Add EEP 42: setrlimit(2) analogue for Erlang

erlang · Feb 7, 2013 · 08928e4 · 08928e4
1 parent 177d678
commit 08928e4
Showing 1 changed file with 200 additions and 0 deletions.
diff --git a/eeps/eep-0042.md b/eeps/eep-0042.md
@@ -0,0 +1,200 @@
+    Author: Richard A. O'Keefe <ok(at)cs(dot)otago(dot)ac(dot)nz>
+    Status: Draft
+    Type: Standards Track
+    Erlang-Version: R16A
+    Created: 07-Feb-2013
+    Post-History:
+****
+EEP 42: setrlimit(2) analogue for Erlang
+----
+
+Abstract
+========
+
+A new function `erlang:set_process_info_limit/2` is added,
+allowing a process to set limits on its own memory use.
+
+Specification
+=============
+
+    erlang:set_process_info_limit(Item, Limit :: integer()) ->
+        Old_Limit :: integer()
+
+An `Old_Limit` of 0 means that no limit has been set.

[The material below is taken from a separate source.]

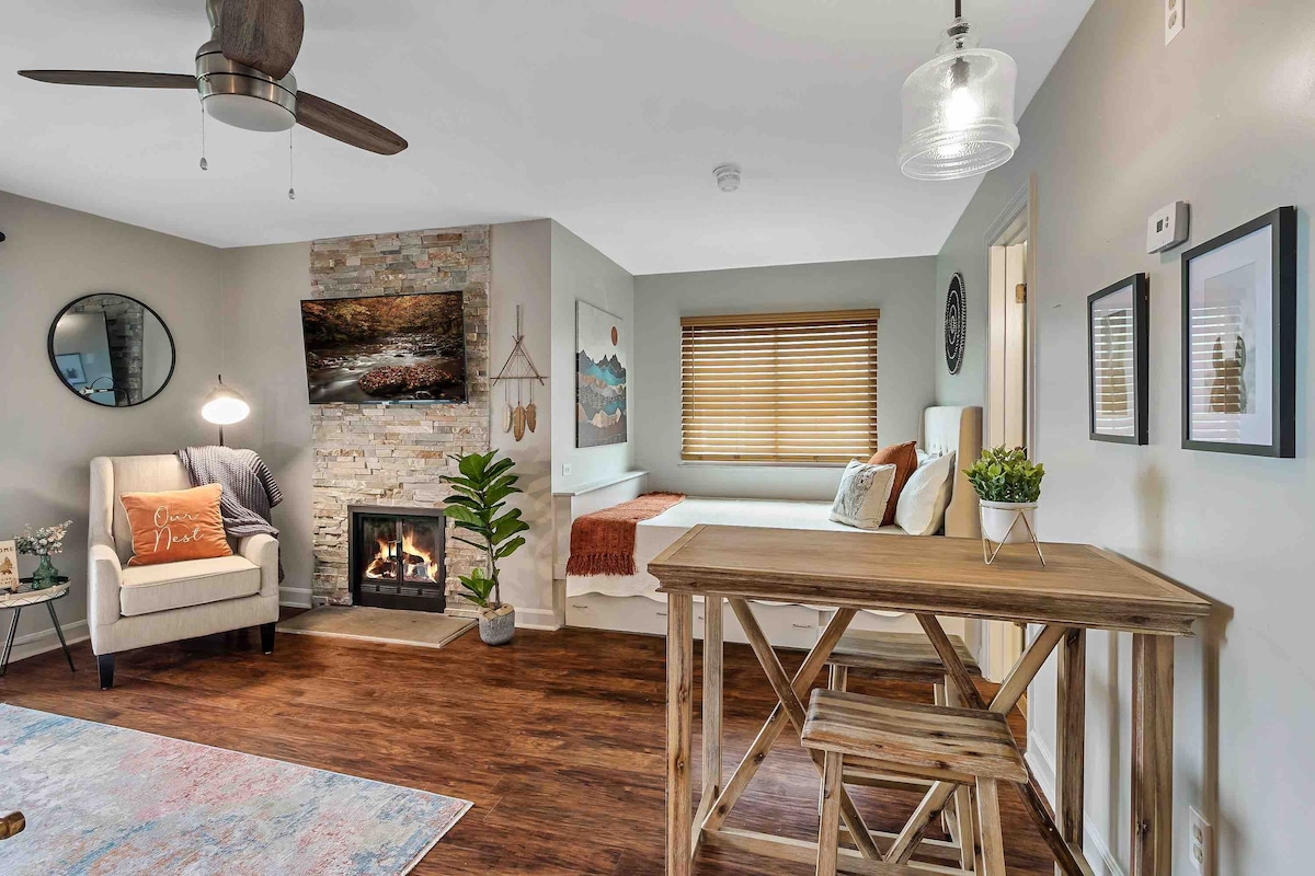 ¡Ubicación, ubicación, ubicación! ¡Disfruta de todo lo que ofrece Knoxville, desde juegos de pelota hasta cervecerías, sin mover tu coche de nuestro APARCAMIENTO DE GARAJE INCLUIDO! A 12 minutos a pie del estadio Neyland. A 1 milla del corazón del centro de Knoxville. Este lujoso apartamento tipo estudio, al que se puede llegar a pie, cuenta con una cama tamaño queen, colchón inflable, Fire TV, asientos cómodos, zona de comedor/trabajo, baño con ducha, acceso wifi y una cocina totalmente equipada con lavavajillas. Todas las sábanas están incluidas, así como extras.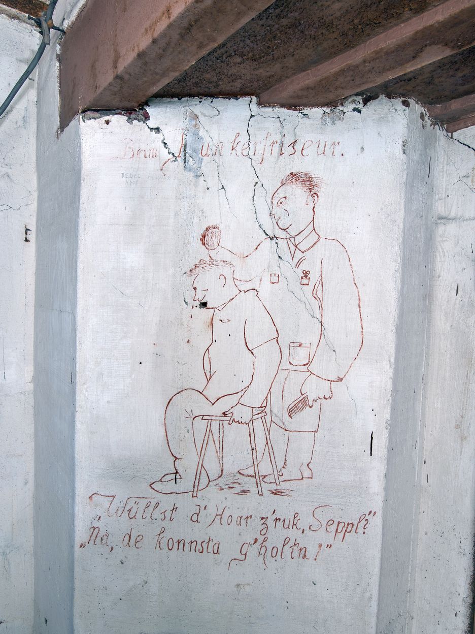 Vue de l'une des peintures murales allemandes (située dans le couloir principal) : "Beim Bunkerfriseur. "Wüllst d’Haar z’ruk, Seppl ? Na, de konnsta g’holtn !" (Chez le coiffeur du bunker : "Veux-tu que je te refile tes cheveux, Jojo ? Non, tu peux les garder !", dans un dialecte de l’Allemagne du sud)Immatriculation

+A Limit of 0 means that no limit is to be set.
+
+The Items that can be set are
+
+- `memory`, the number of bytes that may be used for stack, heap, and
+internal structures.
+
+- `memory_words`, the same value as `memory`, but expressed in
+words to be consistent with `heap_size`, `total_heap_size`, and
+`stack_size` in `erlang:process_info/[1,2]`.  Those functions should
+also be revised to accept this Item.
+
+- `message_queue_len`, the number of unprocessed messages.
+(Aside.) The documentation refers to `message_queue_len`
+but the system generates and recognises `message_queue_len`.
+(End aside.)
+
+The values that are actually set may be less than Limit as
+long as any physically realisable system in the node as
+configured cannot exceed the value used.
+
+A non-zero memory limit is checked after each garbage
+collection or other memory restructuring; setting the memory
+limit to a non-zero value less than the current
+`process_info(self(), memory)` forces an immediate garbage
+collection.
+
+If the memory required by a process exceeds its limit, the
+process is exited with reason `memory`.
+
+A non-zero message queue length limit is checked whenever
+the message queue length is about to be incremented, or
+when such a limit is set.
+
+If the message queue length limit is exceeded, the process
+is exited with reason `message_queue_len`.
+
+
+Motivation
+==========
+
+It is currently possible for an Erlang process to grab
+memory without limit and eventually take down the whole
+node.  This problem is frequently reported in the Erlang
+mailing list.
+
+It is also possible for the message queue of an Erlang
+process to grow without limit.  This problem too is
+reported often enough to be recognised.
+
+This is an EEP rather than a library change request because
+it requires low level runtime system changes to support it.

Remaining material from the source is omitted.